___ RECORDS FOR THIS TASK

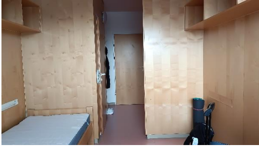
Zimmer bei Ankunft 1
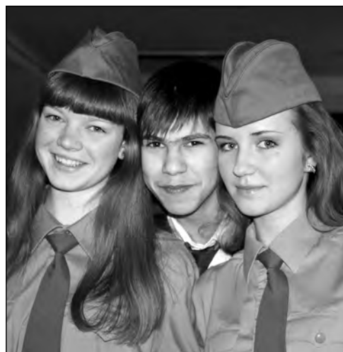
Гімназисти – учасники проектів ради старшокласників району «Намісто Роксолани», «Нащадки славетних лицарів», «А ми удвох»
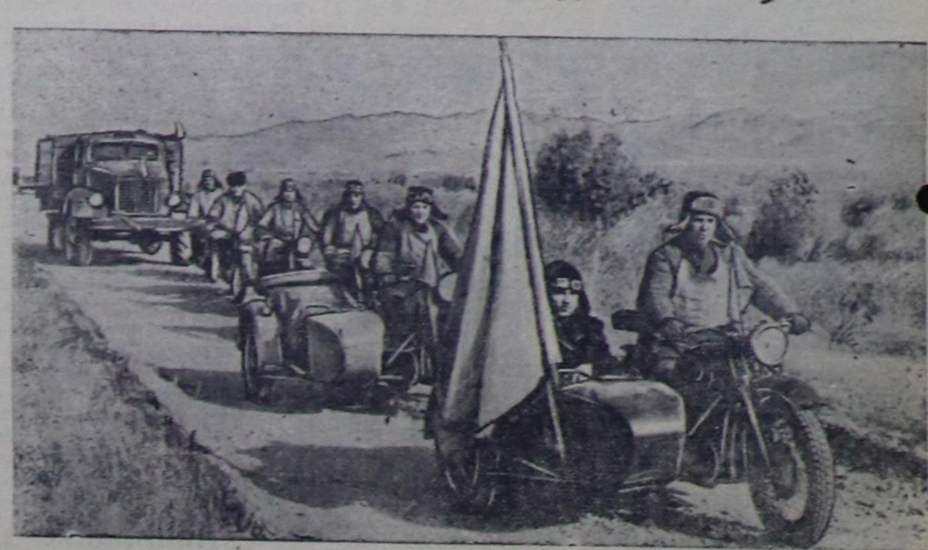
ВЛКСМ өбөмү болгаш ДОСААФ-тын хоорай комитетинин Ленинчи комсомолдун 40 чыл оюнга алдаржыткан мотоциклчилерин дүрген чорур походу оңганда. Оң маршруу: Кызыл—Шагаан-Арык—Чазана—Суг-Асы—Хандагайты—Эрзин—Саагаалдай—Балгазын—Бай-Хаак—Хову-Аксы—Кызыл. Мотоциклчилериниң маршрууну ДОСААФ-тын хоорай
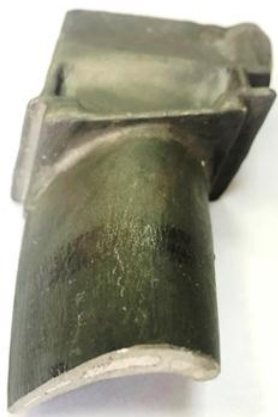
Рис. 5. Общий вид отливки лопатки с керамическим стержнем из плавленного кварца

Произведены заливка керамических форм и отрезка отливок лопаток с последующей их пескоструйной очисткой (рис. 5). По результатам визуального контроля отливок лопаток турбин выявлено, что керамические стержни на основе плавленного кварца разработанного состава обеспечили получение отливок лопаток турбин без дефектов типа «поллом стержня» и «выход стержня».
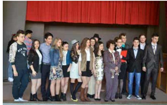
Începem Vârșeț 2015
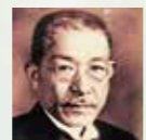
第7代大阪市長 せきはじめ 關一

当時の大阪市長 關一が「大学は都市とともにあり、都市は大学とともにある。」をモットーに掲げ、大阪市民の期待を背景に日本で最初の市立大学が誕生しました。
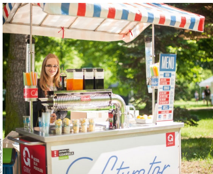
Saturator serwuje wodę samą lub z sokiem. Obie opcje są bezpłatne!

______

■ ACTIVITY
Make a list of all lines in the data that contain "кварца".

■ RESULT OF THE EXERCISE
Рис. 5. Общий вид отливки лопатки с керамическим стержнем из плавленного кварца
Произведены заливка керамических форм и отрезка отливок лопаток с последующей их пескоструйной очисткой (рис. 5). По результатам визуального контроля отливок лопаток турбин выявлено, что керамические стержни на основе плавленного кварца разработанного состава обеспечили получение отливок лопаток турбин без дефектов типа «поллом стержня» и «выход стержня».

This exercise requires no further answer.